Hi,
I am facing a weird behaviour while running a python script. Here is what
the code looks like mostly:
def fn1(ip):
some code...
...
def fn2(row):
...
some operations
...
return row1
udf_fn1 = udf(fn1)
cdf = spark.read.table("xxxx") //hive table is of size > 500 Gigs with
~4500 partitions
ddf = cdf.withColumn("coly", udf_fn1(cdf.colz)) \
.drop("colz") \
.withColumnRenamed("colz", "coly")
edf = ddf \
.filter(ddf.colp == 'some_value') \
.rdd.map(lambda row: fn2(row)) \
.toDF()
print edf.count() // simple way for the performance test in both platforms
Now when I run the same code in a brand new jupyter notebook it runs 6x
faster than when I run this python script using spark-submit. The
configurations are printed and compared from both the platforms and they
are exact same. I even tried to run this script in a single cell of jupyter
notebook and still have the same performance. I need to understand if I am
missing something in the spark-submit which is causing the issue. I tried
to minimise the script to reproduce the same error without much code.

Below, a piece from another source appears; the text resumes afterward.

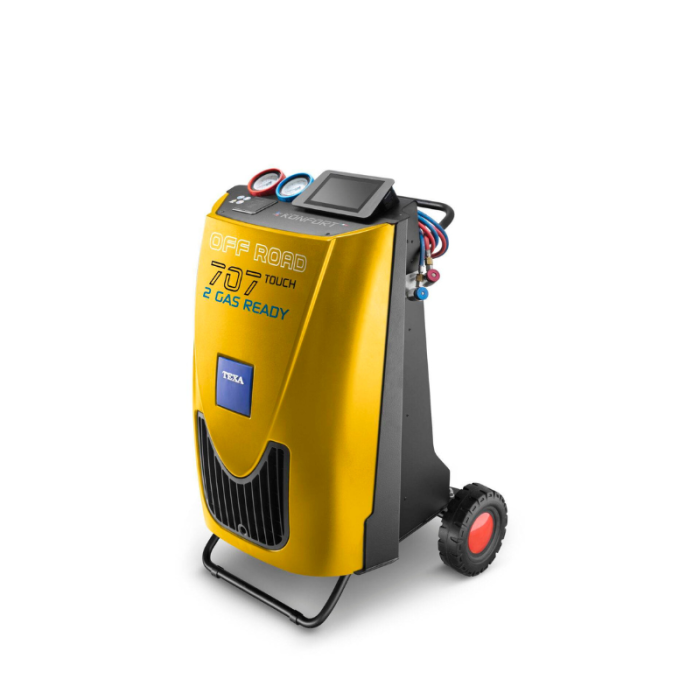 TEXA 707 Touch Off Road R1234yf — профессиональная установка для заправки автокондиционеров с сенсорным дисплеем и внедорожными колёсами. Она обеспечивает точность, надёжность и удобство для современных СТО.
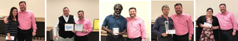 Recently, Shawn Burns, General Manager and Operating Partner, presented David Schulz, Jeff Edwards, Jennifer Stout and Noemi Escalante with a gift for their milestone anniversary. In addition, he recognized Charles Walker for 22 wonderful years of service at Planet Ford/Planet Lincoln.

Both are run in client mode on a yarn based spark cluster. The machines
from which both are executed are also the same and from same user.
What i found is the the quantile values for median for one ran with
jupyter was 1.3 mins and one ran with spark-submit was ~8.5 mins. I am not
able to figure out why this is happening.
Any one faced this kind of issue before or know how to resolve this?
*Regards,*
*Dhrub*